Which lines in the data contain the word "Images"? Please copy each of them.

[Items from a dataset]
━━━━━━━━
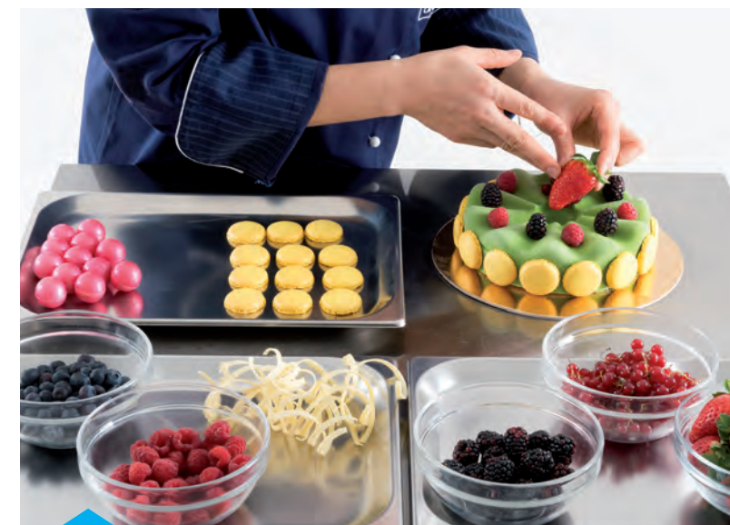
Finishing Decorations with fruit and chocolate curls transform the cake into a masterpiece.
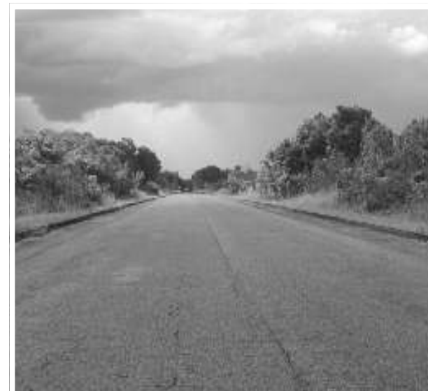
The current Soesdyke-Linden Highway

This significant investment will strengthen connectivity between Region Ten and the hinterland with Regions Three, Four, and Seven, fostering
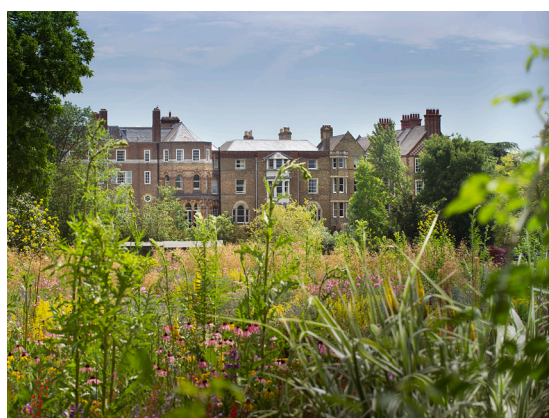
Images, clockwise left to right: Jacqueline du Pré Music Building; river Cherwell frontage; St Hilda's from the University of Oxford Botanic Garden; current entrance configuration.
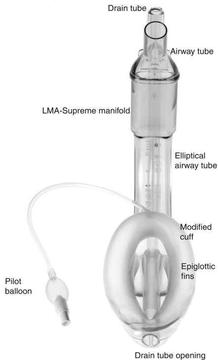
Fig 2 View of LMA-Supreme™ revealing epiglottic fins.
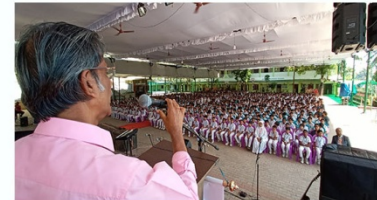
St Johns School, Anchal
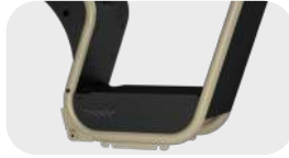
Desert Camo Matte
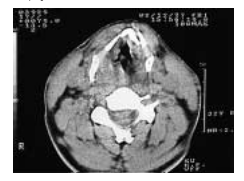
Figure 1 Laryngeal CT.

The rating of roughness (R), breathiness (B), hoarseness (H) of the patient's voice was made on a reading passage. These parameters
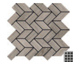
MOSAIC RUBIC NOBLE BRUME (PIECE) 27.1x29.5x1 cm DC1013 | GJ37
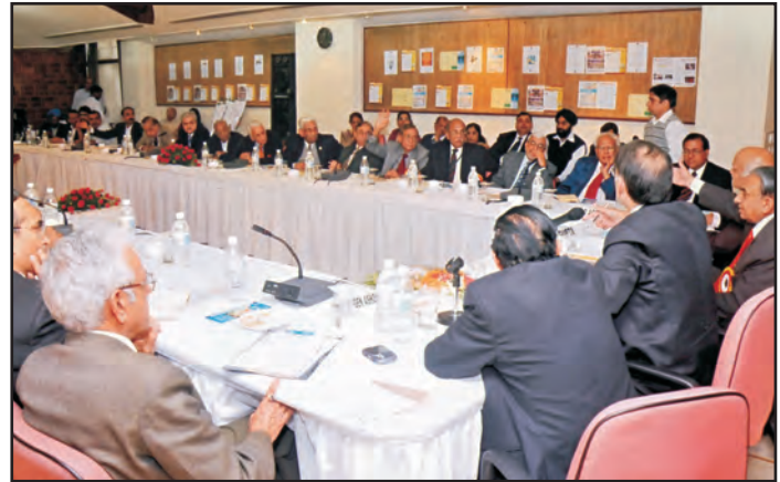
Discussion in progress
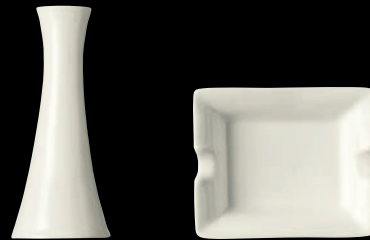
Vase | Vase | Vaso 14 cm | 5 1/2 in. 36014
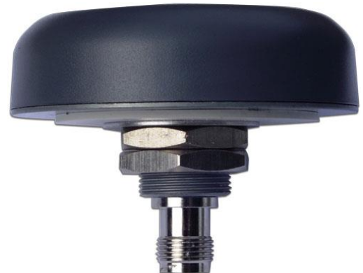
TW3040/TW3042 Dimensions (mm) Flat Radome shown. Conical Radome also available
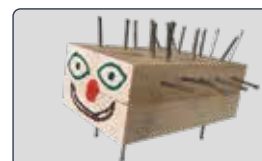
Porcupine 45 minutes
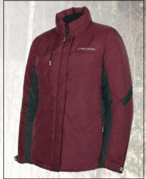
189822 BRG Burgundy xs to 2xl
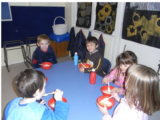
Pj Day & Breakfast at Kinder

Here's a snapshot of what we've been up to during Term 3.... We've been busy !
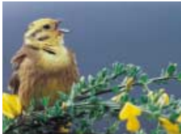
Philip Newman (RSPB Images)

In Northern Ireland the yellowhammer is becoming an emblematic bird for the wrong reasons: it is fast disappearing.
━━━━━━━━
### ANSWER TO THE PROBLEM
Images, clockwise left to right: Jacqueline du Pré Music Building; river Cherwell frontage; St Hilda's from the University of Oxford Botanic Garden; current entrance configuration.
Philip Newman (RSPB Images)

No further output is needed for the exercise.